選手名鑑ではデブネタを提供してくれる森と中崎。選手の打率よりも、体脂肪率に救われる夜だってある。

 となると、自然に選手名鑑では食べ物&体重等のネタ担当になってくる。例えば手元のSlugger特別編集『プロ野球オール写真選手名鑑』を数年分調べてみると、15年の森は「契約金で漁師の父に漁船をプレゼント」と比較的まともだが、16年の中崎は「本人いわく夏でも食欲は落ちないため、逆に5kg増」。17年の中崎は「昨年1年間で身長が1cm伸びて中性脂肪は半分に」。18年の森が「減量して身体のキレを出すことを目標にしているが、子供と一緒に食べてしまうスナック菓子が障壁に」。なんて毎年たたみかけるように体重レポを繰り返す。新井さんや村田さんがいなくなる球界にとって、彼らのような若くして実力とネタを併せ持つデブピッチャーの存在は貴重だ。
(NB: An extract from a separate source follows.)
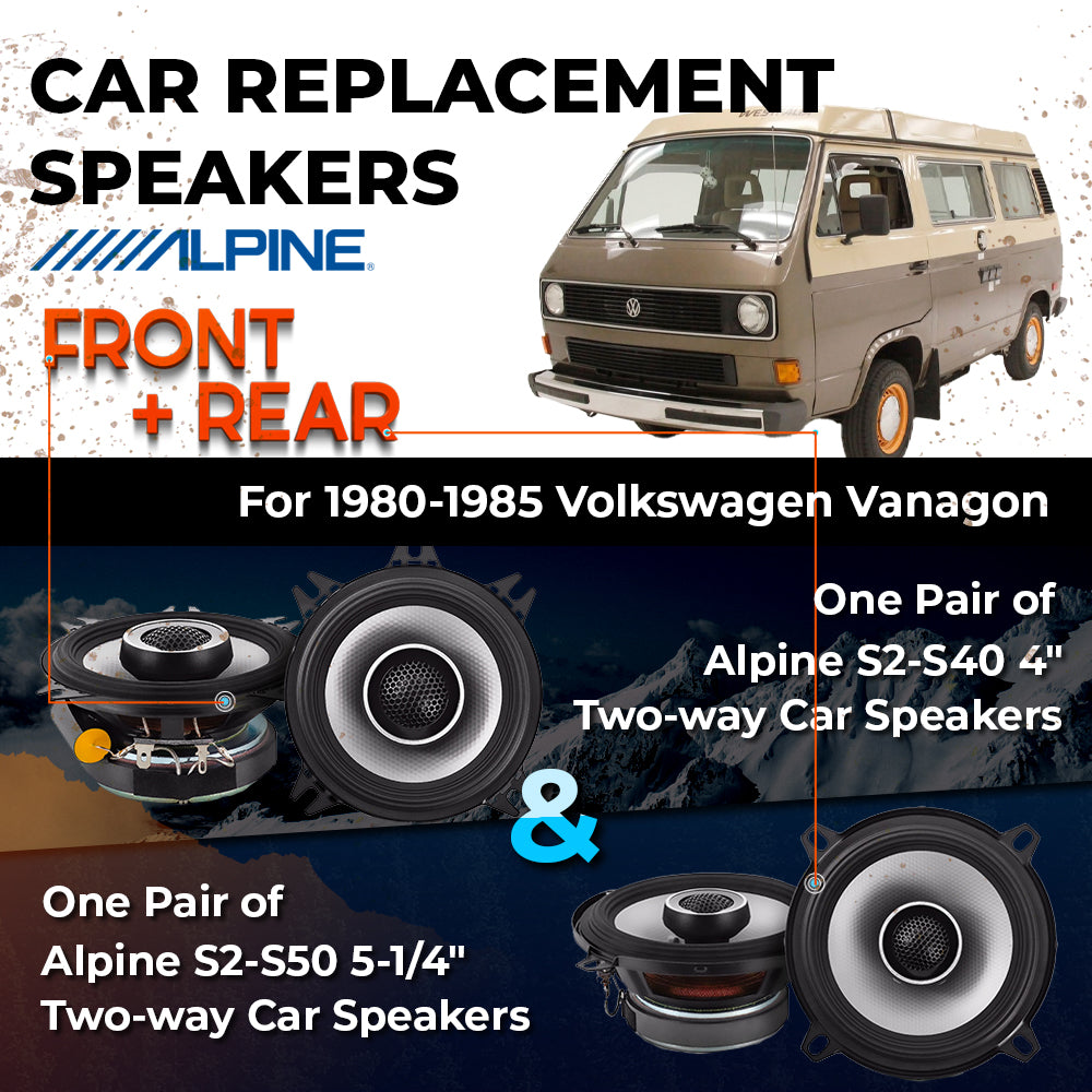 CAR REPLACEMENT SPEAKER PACKAGE FOR 1980-1985 for Volkswagen Vanagon VEHICLES THIS PACKAGE INCLUDES THE FOLLOWING: Alpine S2-S40...

 だって、プロ野球の魅力ってロジカルよりも、アングルだから。俺ら論文が読みたくてスポーツ新聞を買うわけじゃない。選手の打率よりも、体脂肪率に救われる夜だってある。森も中崎も26歳で年俸は1億円越え。投げて食って投げまくり成り上がってきた。ファンはその姿に理屈を越えた感情を抱く。何かを好きになる、応援するってそういうことだと思うよ。損得勘定じゃなくて、誰得感情。感情が常識を越えていくんだ。分かっちゃいるけど好きになっちゃうあの感じ。恋愛だって、アイドルにハマるのだって、プロ野球選手の引退に泣くのだって、人はロジカルで動いてない。

 今日で三連休も終わる。明け方にテレビをつけると、お姉さんがばっちりメイクで天気予報を読んでいる。まだ薄暗い中、近所の吉野屋の店員は最高の牛丼を出してくれた。みんな頑張ってる。いつの時代もタフな人間は周りを元気にする。多くの野球ファンが、マウンド上の森や中崎のタフさに何度も元気を貰った。俺ら何も持ってないんだから、覚悟決めて連投するしかねぇだろ。戦うには、まず体力だ。

 とりあえず、飯食って、しっかり寝ようか。明日も生き残るために。